Шрифт:
Интервал:
Закладка:
– Чего вы так держитесь за свое кресло? Вам уже под семьдесят. Месяцем раньше уйдете, месяцем позже – какая разница?
Наступила пауза. Потом, сжав ручки кресла, тот сказал:
– Да я буду сражаться не только за год или месяц в этом кресле, а за день или даже час!
Через несколько лет Мозговой понял, почему никто из аппаратчиков по собственной воле не уходит на пенсию. Как только самого Мозгового лишили должности, то сразу же отключили все телефоны – дома и на даче. Он связался с заместителем председателя республиканского комитета госбезопасности, с которым по пятницам ходил в сауну, возмутился:
– Да как же так? Это же форменное хулиганство!
Тот философски ответил:
– Ты же знаешь, таков порядок, это не мной придумано.
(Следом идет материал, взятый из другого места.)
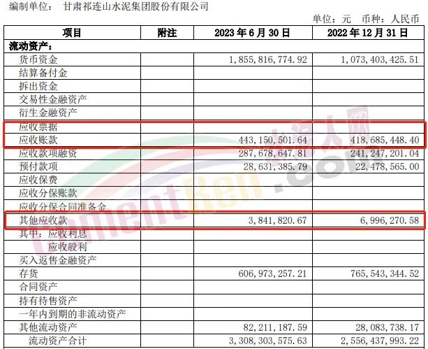 2023年上半年祁連山應(yīng)收賬款4.43億,其他應(yīng)收款384.2萬。

Служебную дачу после ухода с должности просили освободить в трехдневный срок. Галина Николаевна Смирнова, жена Леонида Смирнова, который долгие годы был заместителем председателя Совета министров по военно-промышленному комплексу, не выдержала этого унижения и в этот трехдневный срок умерла от инфаркта. Заместителям председателя правительства полагались двухэтажные хорошо обставленные дачи со всеми удобствами и с обслуживающим персоналом…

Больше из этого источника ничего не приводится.